* [YOUR GOAL]
Each line of the data below holding the word "This" must be copied.

* [LISTED ENTRIES]

________________________

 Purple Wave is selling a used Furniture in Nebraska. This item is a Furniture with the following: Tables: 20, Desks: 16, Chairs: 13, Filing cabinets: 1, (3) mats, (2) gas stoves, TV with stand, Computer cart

________________________

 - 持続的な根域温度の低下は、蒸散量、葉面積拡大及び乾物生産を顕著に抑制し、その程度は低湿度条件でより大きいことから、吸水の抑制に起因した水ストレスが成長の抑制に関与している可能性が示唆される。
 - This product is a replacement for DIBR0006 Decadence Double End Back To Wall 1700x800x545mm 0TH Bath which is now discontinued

________________________

* [ANSWER TO THE EXERCISE]
 Purple Wave is selling a used Furniture in Nebraska. This item is a Furniture with the following: Tables: 20, Desks: 16, Chairs: 13, Filing cabinets: 1, (3) mats, (2) gas stoves, TV with stand, Computer cart
 - This product is a replacement for DIBR0006 Decadence Double End Back To Wall 1700x800x545mm 0TH Bath which is now discontinued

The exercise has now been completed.